Using Hess law, calculate ΔH for the equation: O3 (g) +2NO2 (g)→ N2O5 (g) + O2 (g)
Given the following equations:
N2O5 (g) rightwards arrowNO3 (g) + NO2 (g) ΔH=+ 44.3 kJ
NO3 (g) + O2 (g) rightwards arrowO3 (g) + NO2 (g) ΔH=-20.1kJ
To use Hess's law, we need to manipulate the given equations so that they add up to the desired equation:
N2O5 (g) rightwards arrowNO3 (g) + NO2 (g) (multiply by 1)
2NO3 (g) + O2 (g) rightwards arrow2O3 (g) + 2NO2 (g) (multiply by 2 and flip the direction)
O3 (g) + 2NO2 (g) rightwards arrowN2O5 (g) + O2 (g) (add the two equations)

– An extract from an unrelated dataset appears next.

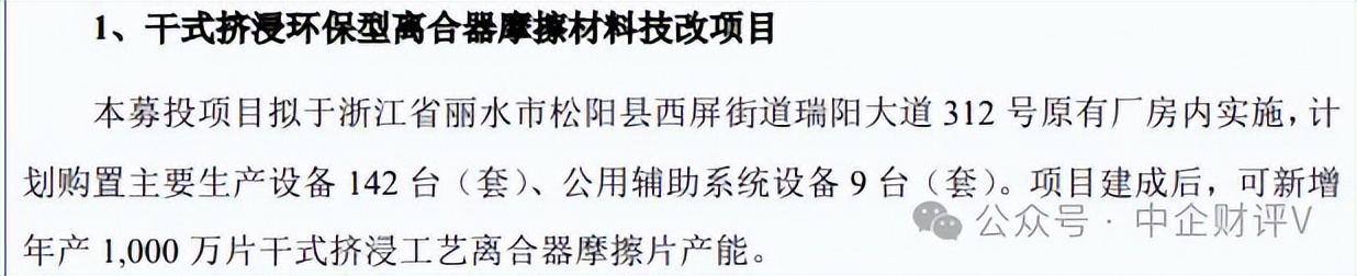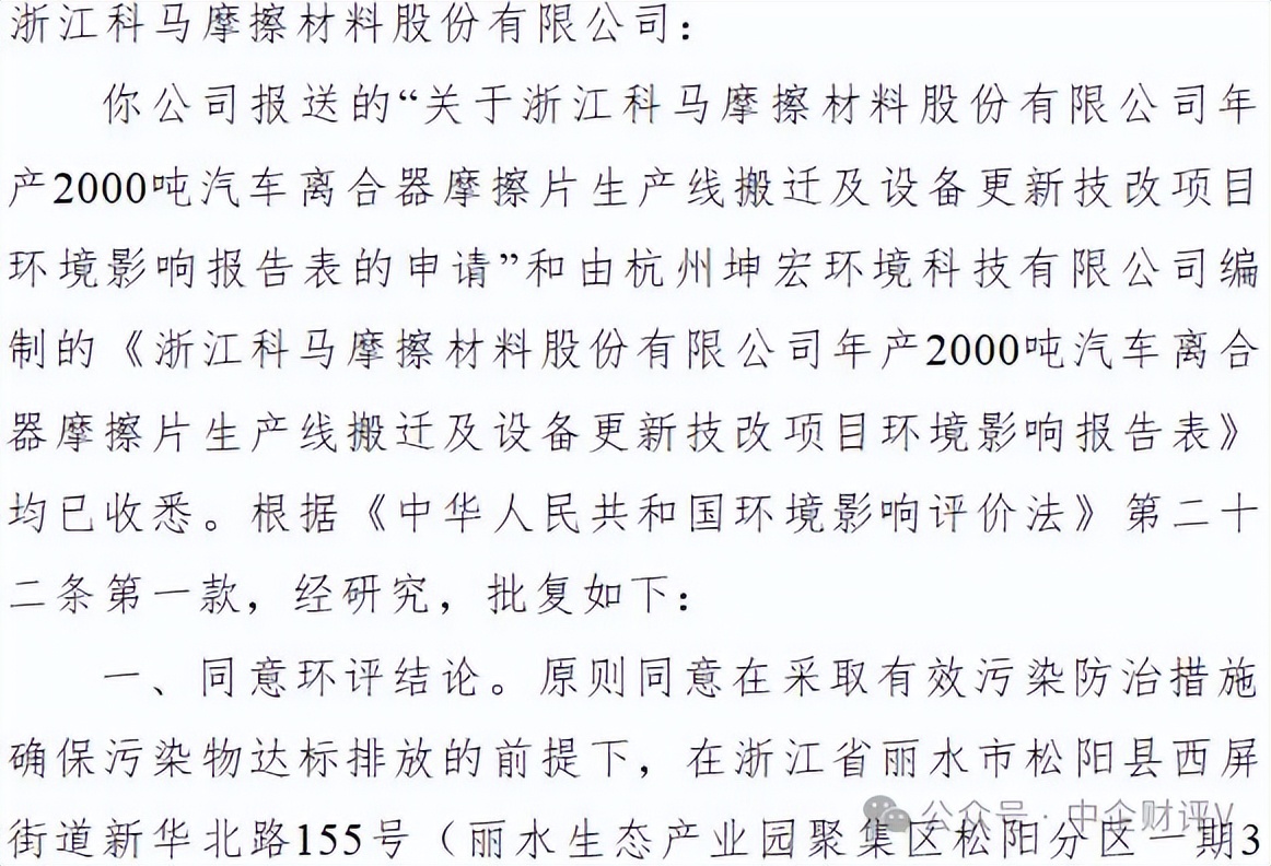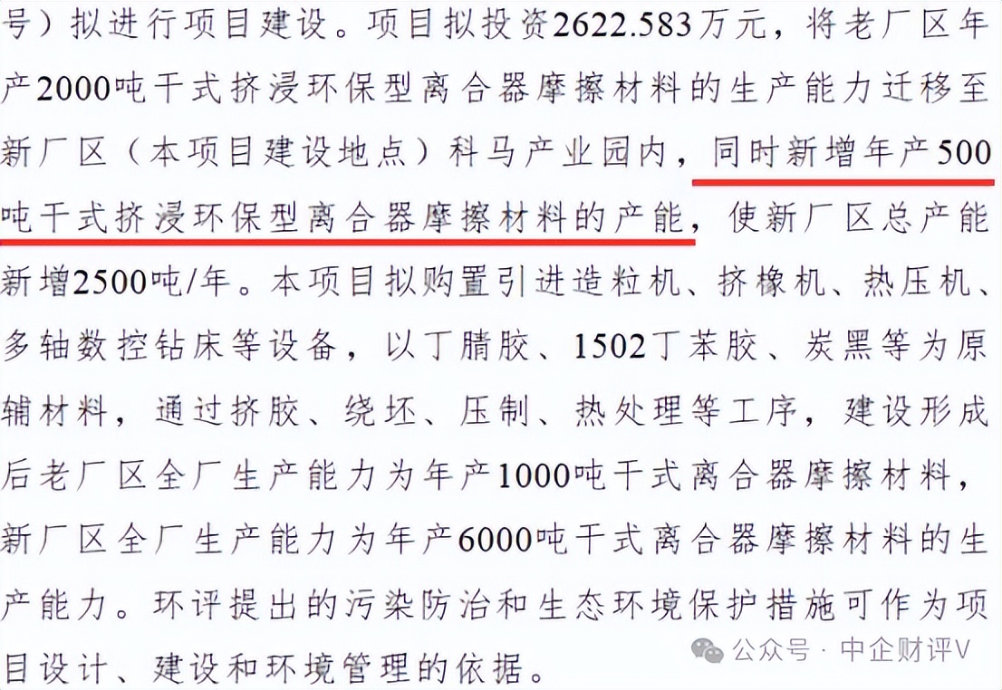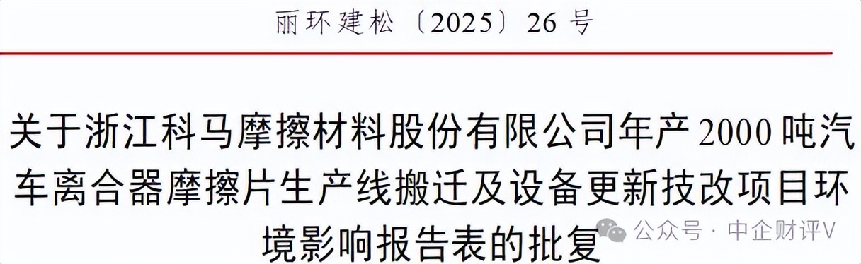 而据据丽水市生态环境局文件丽环建松〔2025〕26号公示,科马材料年产2000吨汽车离合器摩擦片生产线搬迁及设备更新技改项目环境影响报告表的申请获得批复通过,该项目投资2623万元,建成后新增500吨干式挤浸环保型离合器摩擦片产能。

Now we can add the enthalpies of the individual reactions to get the total enthalpy change for the desired reaction:
ΔH = ΔH1 + ΔH2
ΔH1 = +44.3 kJ (from the first equation)
ΔH2 = -20.1 kJ (from the second equation, multiplied by 2 and flipped)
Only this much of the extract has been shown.